> _Work to be completed_: Please reproduce the listing below exactly, leaving out every picture.

> _Provided data_:
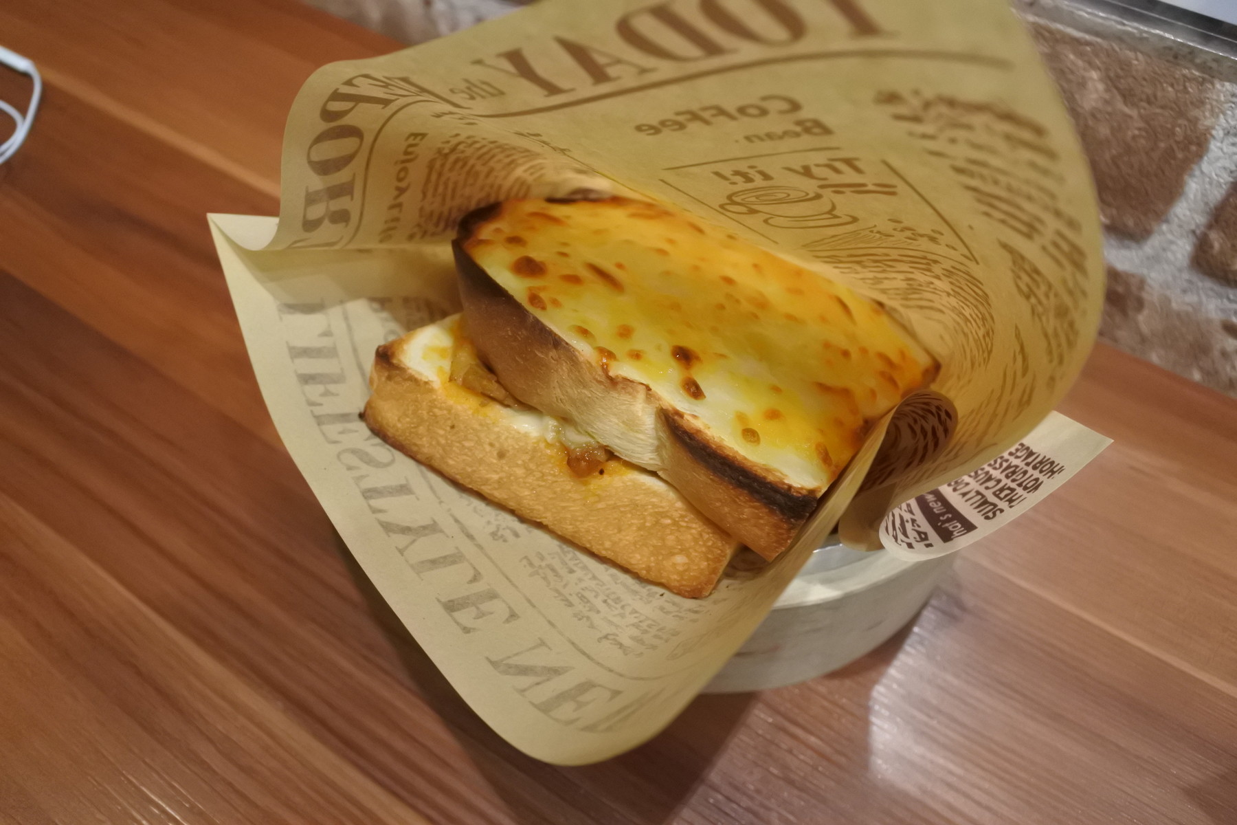 パンの外にはカリカリチーズ、中にもトロトロチーズがあり、チーズ好きの私は一瞬で恋に落ちます。また、メニューには中辣とある通り、ちょうど良いピリ辛。
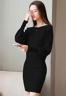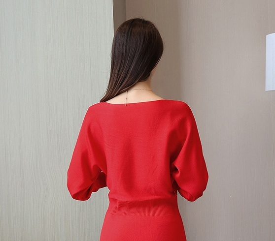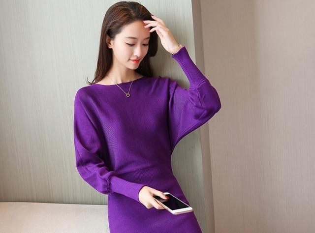ドルマンスリーブ ミニ丈 ニットワンピース レディース ドルマン ミニワンピ 韓国 長袖 シンプル 無地 紫 赤 セクシー 大人 大人可愛い エレガント こなれ感 ボートネック スリム タイト 細見え 二の腕 体系カバー 華奢 華奢見え ニット 20代 30代
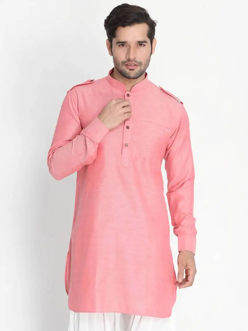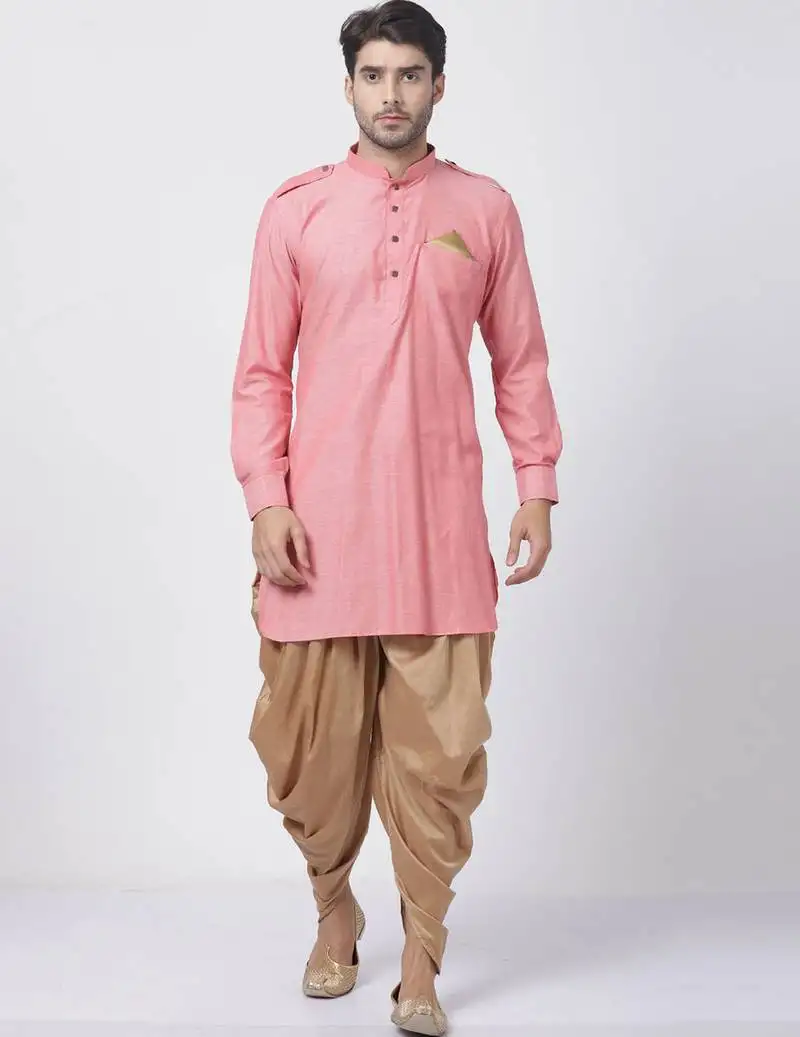 Vm men’s rose gold and black silk blend kurta, pyjama & dupatta set

> _Output of the task_:
 パンの外にはカリカリチーズ、中にもトロトロチーズがあり、チーズ好きの私は一瞬で恋に落ちます。また、メニューには中辣とある通り、ちょうど良いピリ辛。
ドルマンスリーブ ミニ丈 ニットワンピース レディース ドルマン ミニワンピ 韓国 長袖 シンプル 無地 紫 赤 セクシー 大人 大人可愛い エレガント こなれ感 ボートネック スリム タイト 細見え 二の腕 体系カバー 華奢 華奢見え ニット 20代 30代
 Vm men’s rose gold and black silk blend kurta, pyjama & dupatta set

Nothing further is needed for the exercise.